Care Review

When you see somebody everyday, and during lockdown 24/7, you tend not to notice subtle changes in them. So it has been fascinating to read a document , created by Joshua’s Social Worker in summer 2019, so that it can be updated in a meeting that we are due to have this morning. It will be an online meeting, whereas the 2019 one was held in our home, and I am expecting both respite and daycare to be represented today as well as the epilepsy nurse. The meeting is due to take up to two hours and the purpose is to update the 2019 Care Review. I found it on my laptop last night and scanned it then, and have just read it more thoroughly now. There are significant changes that have taken place since 2019:

  • At that time Joshua attended school and had another year to run, but of course his school career ended abruptly in March 2020, and his weekend respite provision around the same time. Yorkshire Grandma attended the last Care Review, before taking Joshua out for the day, but she retired as his caregiver also in Spring 2020, due to Covid-19 when she moved away to live with her daughter. At the time of the Care Review we took all of this support rather for granted and we could have had no idea that the pandemic was going to remove it all so abruptly and leave us as his parents, as sole carers.
  • The 2019 Care Review talks about behaviour problems, in particular his kicking. Joshua no longer kicks doors in frustration, this was a habit that developed at school in the 6th Form and he was clearly communicating, with the benefit of hindsight, that he was not happy there and he was ready for a different form of input.

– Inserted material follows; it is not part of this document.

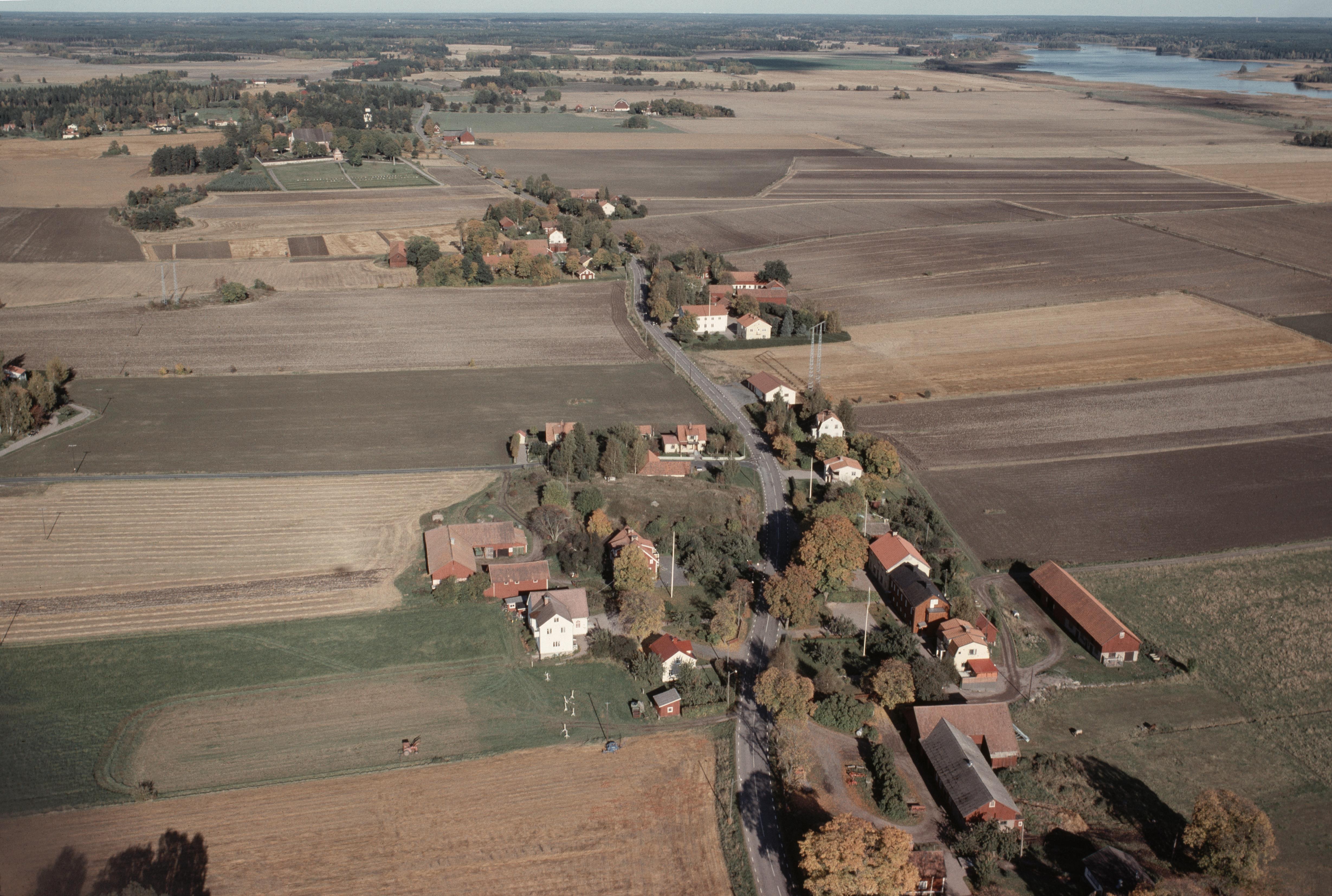 Beskrivning: Karby med gravfält RAÄnr Vendel 6:1 vid bildens mitt. Vendels kyrka till vänster och Vendelsjön till höger i bildens övre del. Bilden är tagen mot (väderstreck): NO

I suspect Daycare would be surprised to hear that the happy, smiling young man that they have got to know since February 2022, used to have behaviours issues like that and that school had developed a Behaviour Management Plan for him.

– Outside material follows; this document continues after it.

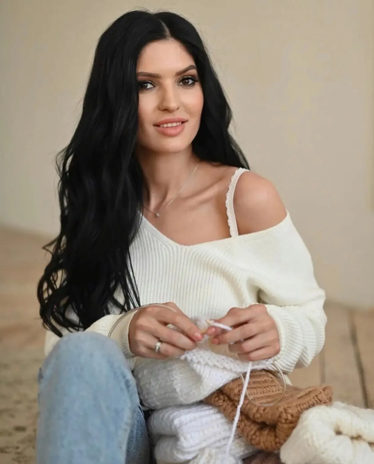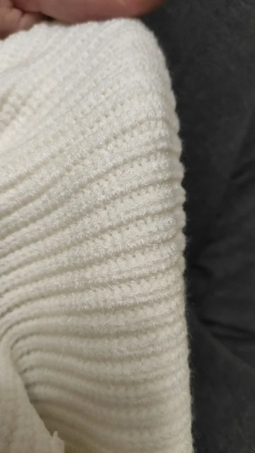 Кофта оч мягкая, приятная, но цвет не кипильно белый, скорее молочный, небольшой дефект вязки: 2 петли наружу узлами, узлы не очень крепкие. Стала их заправлять вовнутрь, показалось что вот вот разойдутся. В целом за 900р.норм. На параметры 110/80/106 на размер меньше можно было бы заказать, сидит как овер.

  • Joshua has much more language now than he had back in 2019, which is delightful. He expresses ” Thank you” when he arrives at Daycare, showing how pleased he is to be there and he has called it “Play” on several occasions and even recognising a day at home with Mum constituted “No Play”. Daycare heard his voice from day 1 , whereas there were staff at school who did not realise that he could speak there. In 2019, he would point and gesture more than ask for things, whereas on a daily basis Joshua is asking for ” mash”, “Bix”, “Crisps” and “Giant” – meaning bed where he listens to The Smartest Giant in Town. Joshua is finding new words all the time at the moment which I find thrilling and I celebrate every new word that he adds to his vocabulary.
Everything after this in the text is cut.